While enrolled at George Washington University, she was involved in a national survey of legislation providing for Special Education in each state for the Council for Exceptional Children. She prepared a report on Physical Education for the Kennedy Foundation that led to the formation of the Special Olympics. She was also Resource Specialist for a five-state center for teachers of special needs children based at George Washington University. In that position she identified products that provide support to special needs children, parents and teachers.

In the late 1960s, she became a staff member of the U.S. Department of Education and later the Office of Economic Opportunity. At this office, she evaluated Title I programs, created The What Works Series of promising practices, and was responsible for approving the first grant to Sesame Street. She worked for Dr. James Edward Allen, Assistant Secretary for Education.

As a mother herself, Auerbach organized the first in-house child care center in the headquarters of the Department of Education for the children of employees of the Agency. This center became a widely copied model in other government agency offices throughout Washington D.C. and the rest of the country. The original center remains in operation.

==Toy museum==
Auerbach was also founder and director of the San Francisco International Toy Museum which she operated from 1986 to 1990 at the Cannery overlooking San Francisco's Fisherman's Wharf waterfront. This was a hands-on, children's museum where over 50,000 children learned about the history of toys, and were able to play with and test out new toys and other products. Unfortunately, the museum was forced to close due to the Loma Prieta earthquake in 1989.

==Articles and books==
During her career which has spanned more than 50 years she has produced 17 books, and scores of articles for a wide variety of publications and given innumerable interviews for radio and television journalists and for print publications and online web sites. She was syndicated for 5 years of weekly articles for King Features and wrote for The Huffington Post which archived her weekly articles.

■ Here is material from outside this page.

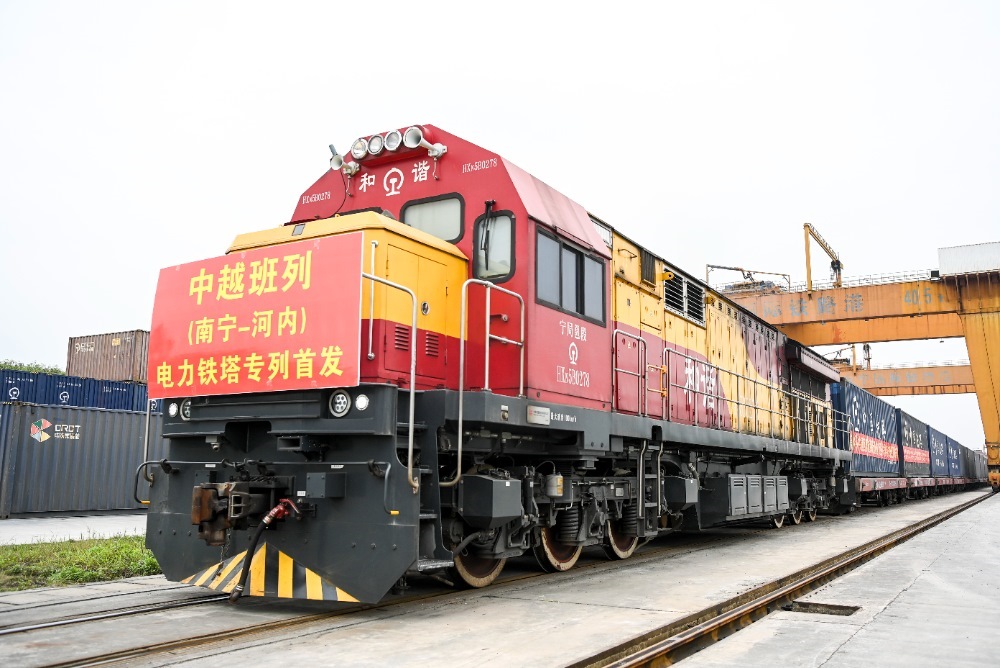 2024年3月8日,在廣西南寧國(guó)際鐵路港,電力鐵塔專列準(zhǔn)備發(fā)車(chē)。當(dāng)日,一列滿載340噸電力鐵塔的中越班列從南寧國(guó)際鐵路港開(kāi)出,發(fā)往越南河內(nèi)。新華社記者 曹祎銘 攝

She is interviewed during the holiday season for her opinions on play and toy issues and the best toys by various media outlets, local, national and international. She has written 5 books including: "My Butterfly Collection", Smart Play Smart Toys, Toys for a Lifetime, The Toy Chest, and The Whole Child. Dr. Auerbach also wrote Confronting the Childcare Crisis and compiled a four-volume anthology, Child Care a Comprehensive Guide.